Einige alte Mitarbeiter sollen geweint haben, als sie die Bilder sahen . . . Dafür kamen nun die Inserate, für die «Rolling Stone» früher tabu gewesen war - Mode, Kosmetik, Parfum, Autos und sogar ganzseitige Anzeigen der US-Army -, und das ganz grosse Geld. Wenner wurde Multimillionär, komplett mit Landhaus, Limousinen und Privatjet.

Ihn nun zum zynischen Verräter an hohen Idealen zu stilisieren hiesse wohl, dieses Blumenkind zu verkennen. Er habe «Rolling Stone» gegründet, um John Lennon kennenzulernen, hatte er einem Mitarbeiter der ersten Stunde gestanden. Rastlos, besessen, skrupellos und genial, das Exempel eines erfolgreichen Unternehmers, hat der blauäugige Knabe aus San Francisco seinen Erfolg erworben, um endlich dabeisein zu können bei den Stars und ihren Parties. Rosengärten und Ideale hatten andere gesucht - Wenner wollte «fun».

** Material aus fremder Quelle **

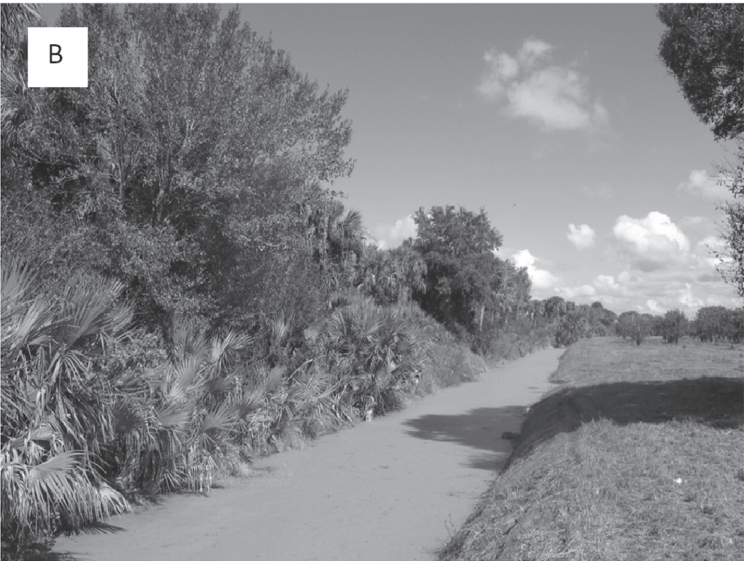
Fig. 1. (A) Map of study site showing transects of traps and sentinel plants, and (B) barrier of trees and shrubs separating pasture and groves (right).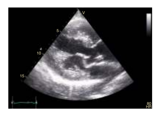
Figure 2 Transthoracic echocardiogram, long-axis parasternal view, showing the mitral valve anterior leaflet aneurysm.

Acquired mitral valve aneurysm is a rare entity which has generally been reported in the context of endocarditis.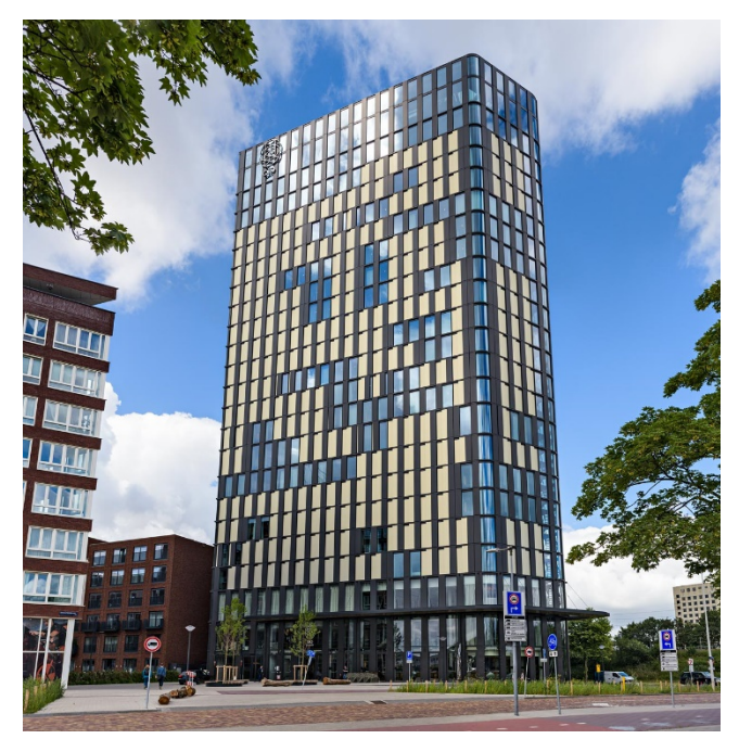
Figure 2: Thanks to the use of aluminum in the facade, the QO Hotel in Amsterdam was honored with the LEED Platinum certification.

The monitoring of the ecological balance of the profile systems is in line with the sustainability focus of the German aluminum system house. This was defined in the Green Balance as one of the three action fields within the HUECK World Life Balance. The aim is a balanced equilibrium between environmentally conscious, economic and social aspects, which are reflected in the Cradle to Cradle certification catalog. The awareness of the scarce availability of resources and the responsible use of them is anchored in the company's longstanding tradition. Holistic planning is the prerequisite for long-term ecological and economic success. With the Cradle to Cradle certification, architects, investors and builders have an additional opportunity to meet the complex requirements of modern, sustainable and intelligently planned buildings.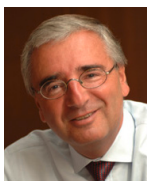
DR. OEC. HSG. PAUL ACHLEITNER

born on September 28, 1956 in Linz, Austria

Im Entrée der heutigen «Rolling Stone»-Büros in New York hängt neben dem Platz der Empfangsdame ein Kunstwerk an der Wand: eine zersplitterte E-Gitarre, in einen eleganten Kubus aus Plastic eingegossen. Sie gehörte Pete Townshend, dem Gitarristen der Who, der einst nach jedem Konzert seine Gitarre zertrümmerte und der in einem der ersten grossen «Rolling Stone»-Interviews über Ursprung, Sinn und Symbolik dieser rituellen Handlung Auskunft gegeben hatte. Die Provo-Sponti-Aktion in hygienischem Plastic als teures Kunstwerk - Moos hat eben viele Erscheinungsformen.

Kathrin Meier-Rust ist freie Journalistin in Washington.